Juan José Imbroda sigue siendo el principal activo político del PP en Melilla y así lo ha querido trasladar a la opinión pública la dirección nacional del partido a través de su secretario general, Miguel Tellado, que el martes se reunió con la Junta Directiva Regional en el Hotel Puerto.

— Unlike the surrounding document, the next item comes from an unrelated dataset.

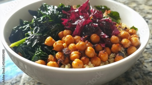 Healthy Quinoa Bowl with Spinach, Chickpeas, and Red Cabbage
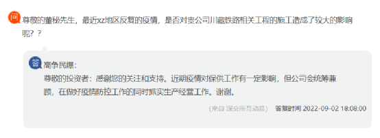 西藏高爭民爆針對投資者提出的西藏地區(qū)反復(fù)的疫情是否川藏鐵路相關(guān)工程施工造成較大影響回復(fù)稱,近期疫情對保供工作有一定影響,但公司會統(tǒng)籌兼顧,在做好疫情防控工作的同時(shí)抓實(shí)生產(chǎn)經(jīng)營工作。

Tellado lo dijo claramente: los populares, con Feijóo a la cabeza, quieren a Imbroda encabezando la lista electoral del PP para 2027, algo que, no obstante, debe ser refrendado por el propio líder regional y actual presidente de la Ciudad Autónoma; tiene hasta septiembre para decidirlo puesto que será dentro de dos meses cuando se den a conocer los candidatos de las autonómicas por esta organización.
Contrasta todo esto con la opinión de todos aquellos que aseguraban que Imbroda vivía su último mandato en la Presidencia de Melilla. Él mismo, así como personas de su entorno, habían insinuado su retirada de la vida pública después de más de dos décadas al frente de la Ciudad y de ganar las sucesivas elecciones municipales y autonómicas celebradas desde 2003.
Muchos son los que han dado a Imbroda por amortizado políticamente de forma anticipada a la vista de lo que trascendió este pasado martes con respecto a lo que quiere la dirección nacional del PP para las elecciones de 2027. Cabe esperar incluso que haya una solución intermedia entre lo que desea el equipo de Feijóo y el legítimo derecho del dirigente popular a dar un paso al lado: que se presente y sea candidato, y se marche a mitad de la próxima legislatura para dar paso a un sucesor (o sucesora) que disponga de dos años para prepararse de cara a 2031.
No sería la primera vez que Juan José Imbroda barajara esa fórmula, que sin embargo nunca llevó a cabo, fundamentalmente porque él representa la unidad interna del PP y designar oficialmente a su delfín podría abrir grietas en lo que hoy día es una organización cohesionada en torno a un liderazgo fuerte, que marca el paso del partido y del Gobierno local en todo momento y circunstancia.